Bei Österreichs EU-Ratsvorsitz 2006 folgte man mit dem Kulturprogramm noch einer alten österreichischen Tradition (seit Klimts Fakultätsbildern): der Provokation und öffentlichen Debatte über zeitgenössische Kunst. Wolfgang Lorenz' international ausgeschriebenes Plakatprojekt musste teils abgehängt werden, wir erinnern uns natürlich nur an die zwei entfernten Motive: das Polit-Gruppensex-Motiv und den EU-Slip, den Tanja Ostojić Courbets berühmtem „Ursprung der Welt“ verpasste. Vor derlei braucht man sich diesmal nicht zu fürchten, wie bei der Präsentation des EU-Kulturprogramms von Kulturminister Gernot Blümel am Montag schnell klar wurde.

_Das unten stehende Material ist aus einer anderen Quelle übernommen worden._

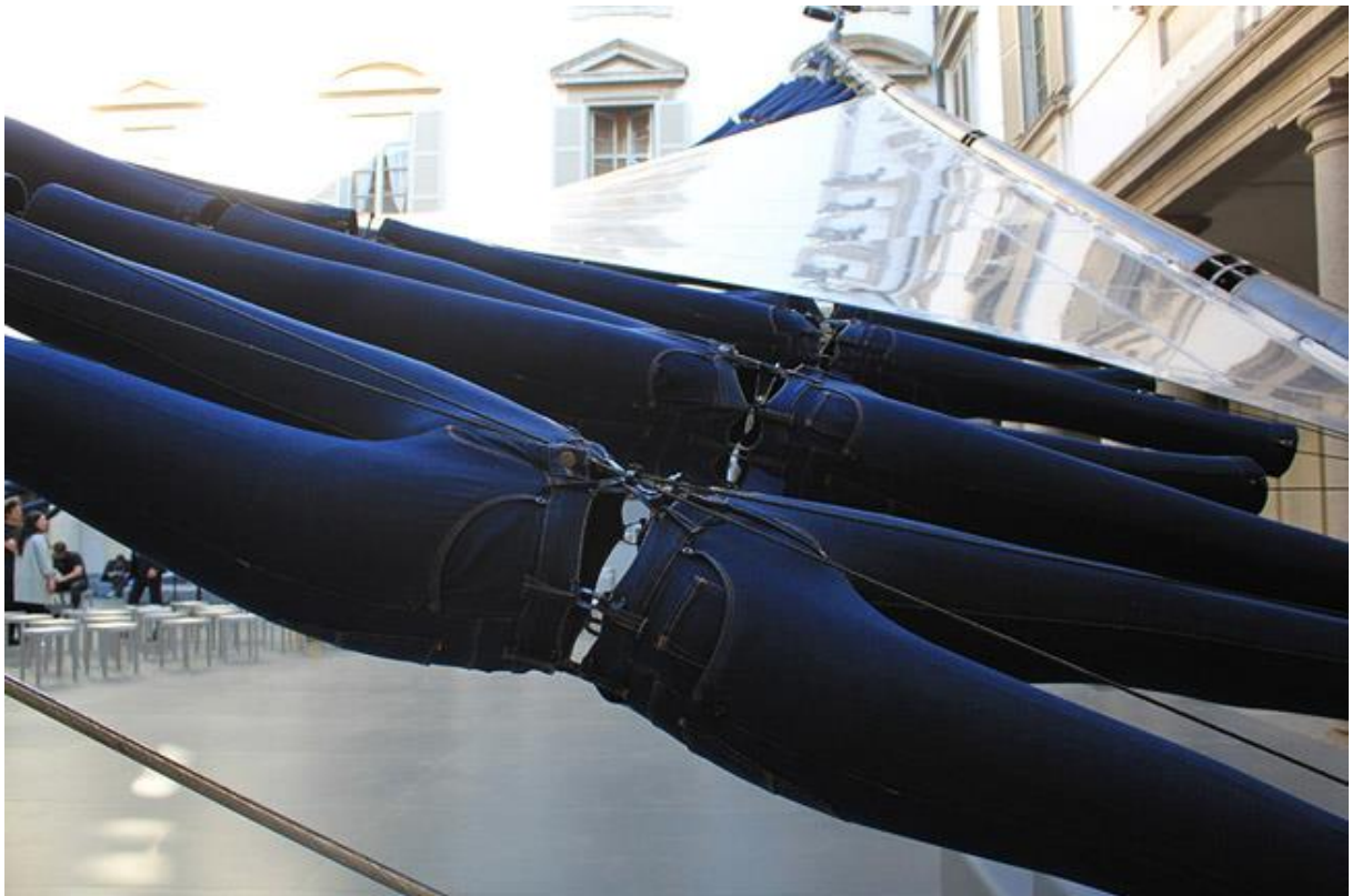
Figure 7: Detail of the structural connection between the thrusters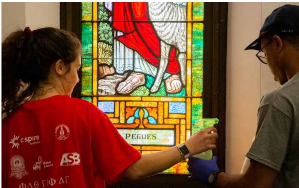
Volunteers cleaned windows and did gardening work at St. Peter's Episcopal Church.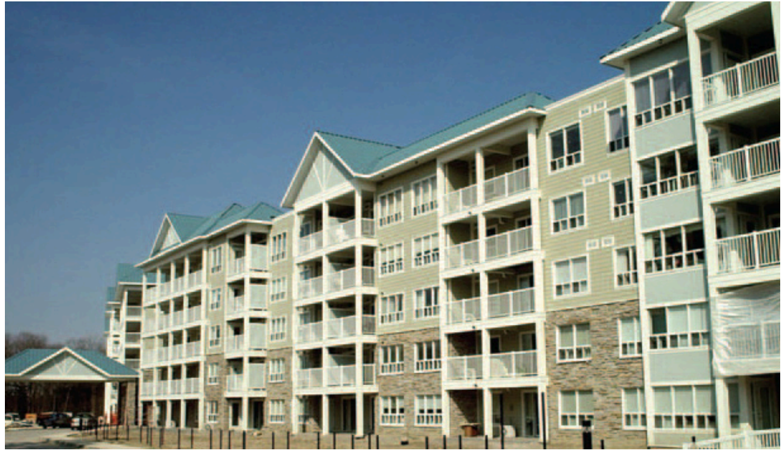
Bogart Pond Condominium Phase 1 nearing completion.

Just as beauty is in the eye of the beholder, so potential is in the eye of the imaginative. There are still folk out there who hear words like “pre-engineered” and “system” and think that translates to “box” - with self-imposed limits on both usefulness and appearance.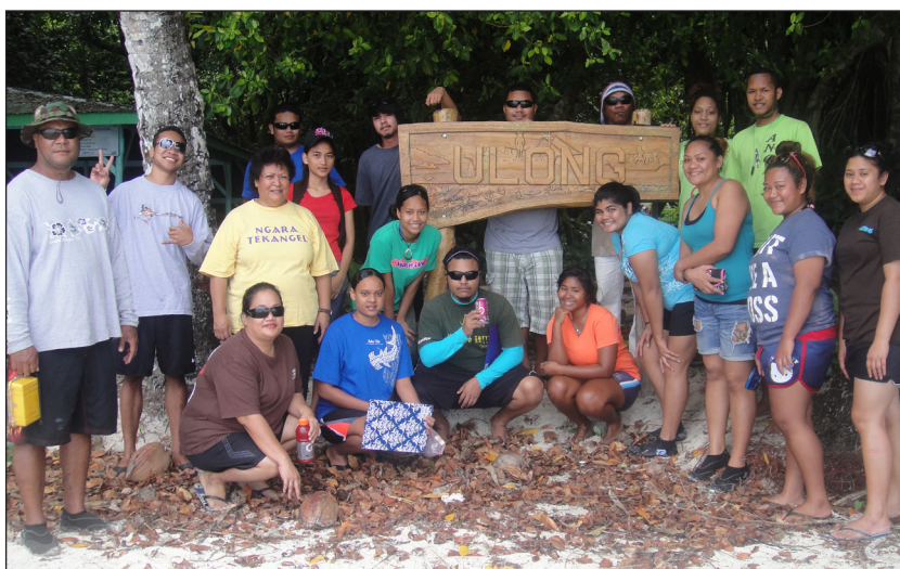
HI-189: Palauan History & Culture and TH-110: Tour-Guiding & Travel Planning students at Ulong Island with their instructors and Koror State guides.

Schon unter der vorigen Regierung, so Blümel, wurde mit der Planung dieses Programms begonnen. Dessen Herzstück, worauf Blümel besonders stolz sei, stand bei der Pressekonferenz im zweiten Stock des Kunsthistorischen Museums hinter ihm aufgebaut: Das vom KHM konzipierte „Museum in a Nutshell“ wird im EU-Ratsgebäude stehen wie ein milde leuchtender Tourismus-Messestand für das völlig unreflektierte imperiale österreichische Kulturerbe.

Auf diesem „Display“ scheinen Fotos von „Meisterwerken“ aus allen Bundeskunstmuseen in Sankt-Petersburger-Hängung auf. Die Bilder und Objekte sollen das Motto „Europa vereint in der Kunst“ illustrieren, irgendwie, denn außer knapper Bildbeschriftung wird nichts erklärt. Was gerade bei kolonialer Beutekunst wie der „Federkrone des Montezuma“ aus dem Weltmuseum nicht passieren darf. Noch dazu in Brüssel. Was hätte man da für eine brisante Diskussion anregen können. Auch die einst tatsächlich nach einer europäischen Identität ringende Symbolik der Kaiserkrone versucht man erst gar nicht zu erklären. Sie prangt wortlos an der Eingangsseite, hässlich vom kargen Einleitungstext und den sich durchdrückenden Gerüststangen durchbrochen. So viel zu Wiens unter den Secessionisten einst tatsächlich weltweit führender Rolle in Ausstellungsgestaltung.

Apropos: Klimts „Kuss“ darf zu dessen sicherem Leidwesen auch nicht fehlen Er ist einer der 3-D-Exponate, die in vitrinenartigen „Satelliten“ die Box umstehen. Es handelt sich dabei natürlich um Reproduktionen, die des „Kusses“ scheint im Billig-Souvenirshop gekauft zu sein, sie hat sogar einen goldenen Rahmen, der die abschließende Aureole der Küssenden brutal abschneidet. Und das in Brüssel, der Stadt, in der das minutiös geplante Hauptwerk der Secessionisten, das Palais Stoclet, steht. Es ist zu traurig, weiter darüber zu schreiben.

Ein paar Klimt-Originale sieht man immerhin ab September in der vom „Bozar“ übernommenen Belvedere-Ausstellung „Klimt ist nicht das Ende“. Das Stationentheater „Ganymed“ wird im Königlichen Kunstmuseum gastieren. Hannah Riegers löbliche Sammlung der unterbewerteten Künstlerinnen der Art brut hat auch einen Platz im EU-Programmfolder Österreichs ergattert (ab Oktober im Museum Art et Marges). Und die Philharmoniker werden auch spielen. Dann wird ja alles gut.